Лурса кашлянул. Только кашлянул, и больше ничего, и рассеянно продолжал штриховать рисунок, который набросал в своей записной книжке.

- Этот Маню, попав под влияние Большого Луи и действуя по его указке, вынужден был совершать нечистоплотные поступки, ибо, по словам Доссена, эти две тысячи шестьсот франков могли быть добыты только им, Маню. Испугался ли Маню в конце концов? Или Большой Луи стал предъявлять непомерные требования? Так или иначе, он решил его убрать.

И добавил торжественным тоном, так, словно Лурса не был в курсе дела:

- Я велел арестовать Маню сегодня утром.

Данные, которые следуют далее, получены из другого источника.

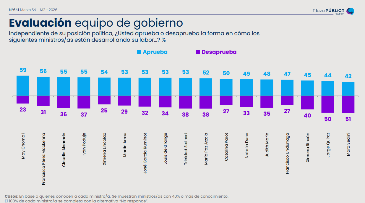 De acuerdo con el sondeo, la ministra peor evaluada es la vocera de Gobierno, Mara Sedini, con un 51% de desaprobación, seguida por el ministro de Hacienda, Jorge Quiroz, con un 50%.

Сейчас он здесь. Через несколько минут я рассчитываю начать допрос.

Рожиссар поднялся, подошел к окну и выглянул на улицу.

- Самое огорчительное во всем этом деле то, что ваша дочь сочла своим долгом сразу же примчаться сюда вместе с матерью этого юноши. Сейчас обе они сидят в коридоре. Впрочем, вы сами их, должно быть, видели. Дюкуп попытался вмешаться, попросил, разумеется неофициально, вашу дочь не афишировать себя до такой степени, но ответа не получил. В данных обстоятельствах, если мне предложат выступить в роли обвинителя, трудно будет объяснить...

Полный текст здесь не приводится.